FIG. 1 is a schematic flow chart of message processing in the present invention;
FIG. 2 is a schematic diagram of a process for writing the web page access log information into the database according to the present invention.
Detailed Description
In order to make the technical means, the creation characteristics, the achievement purposes and the effects of the invention easy to understand, the invention is further explained below by combining the specific drawings.
The invention realizes WEB classification control and log audit based on pattern matching, DPI recognition and embedded database technology, and mainly comprises the following steps:
firstly, identifying a website access message, and inserting information to be recorded into a queue;
and writing the website access logs in the queue into a database through a timer task.

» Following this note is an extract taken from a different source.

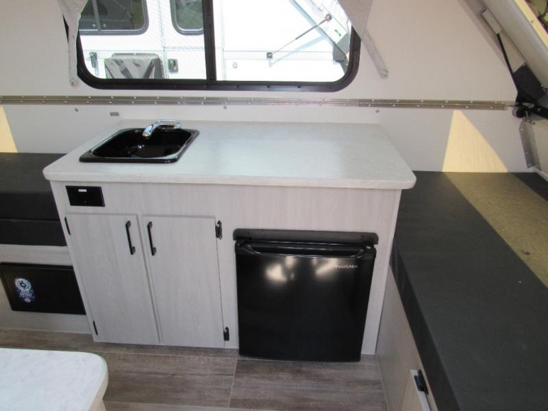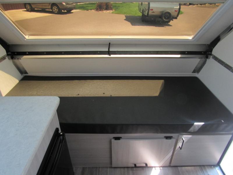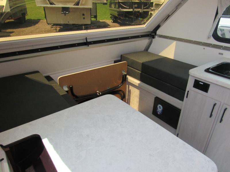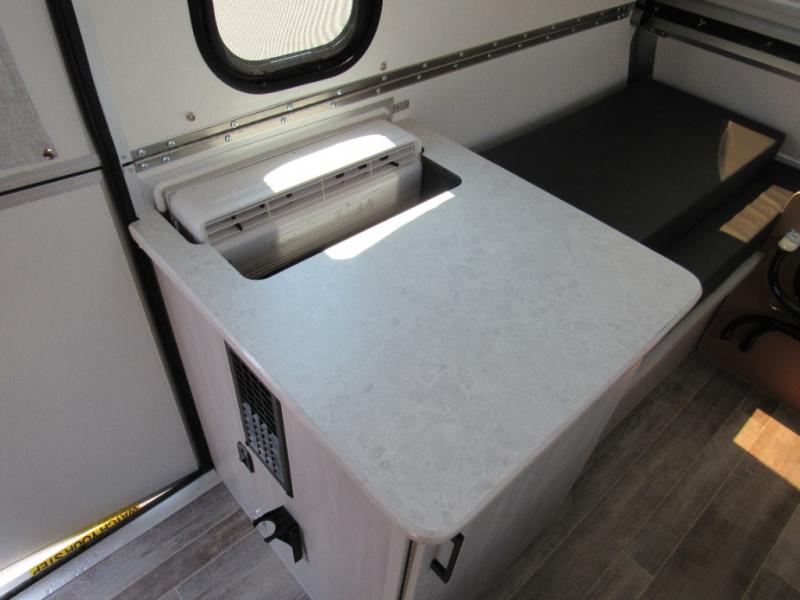 When all you need is the basics to camp because you prefer to be outdoors hiking and exploring, this Scout Lite will be perfect for you! There is sleeping space on either the front 30" x 76" bunk or the rear dinette which converts into a 40" x 76" bed. There is plenty of storage throughout between the storage under the dinette seats, a storage area across from the sink, and storage next to the sink. And you can keep everything charged with the two electrical outlets inside and the one exterior electrical outlet!

Based on the above principle scheme, the specific implementation scheme is as follows:
(1) when the message is identified, a DPI technology is adopted to eliminate common pseudo browser messages, so that a real HTTP request message is identified. The specific method is that whether the message contains an Accept-Encoding field is analyzed through a DPI technology, and if the message does not contain the Accept-Encoding field, the message is considered to be disguised as a browser message. Therefore, the method can effectively distinguish the real HTTP request message by the scheme aiming at some downloading software and downloading data by using the pseudo browser message of the network television and only being incapable of determining whether the message is the real HTTP request message or the pseudo browser message according to the protocol number and the port number.
(2) After the message is identified, the identified HTTP request message is subjected to type matching with website information stored in a website library, and whether the website corresponding to the HTTP request message belongs to a website category range allowed to be accessed is judged.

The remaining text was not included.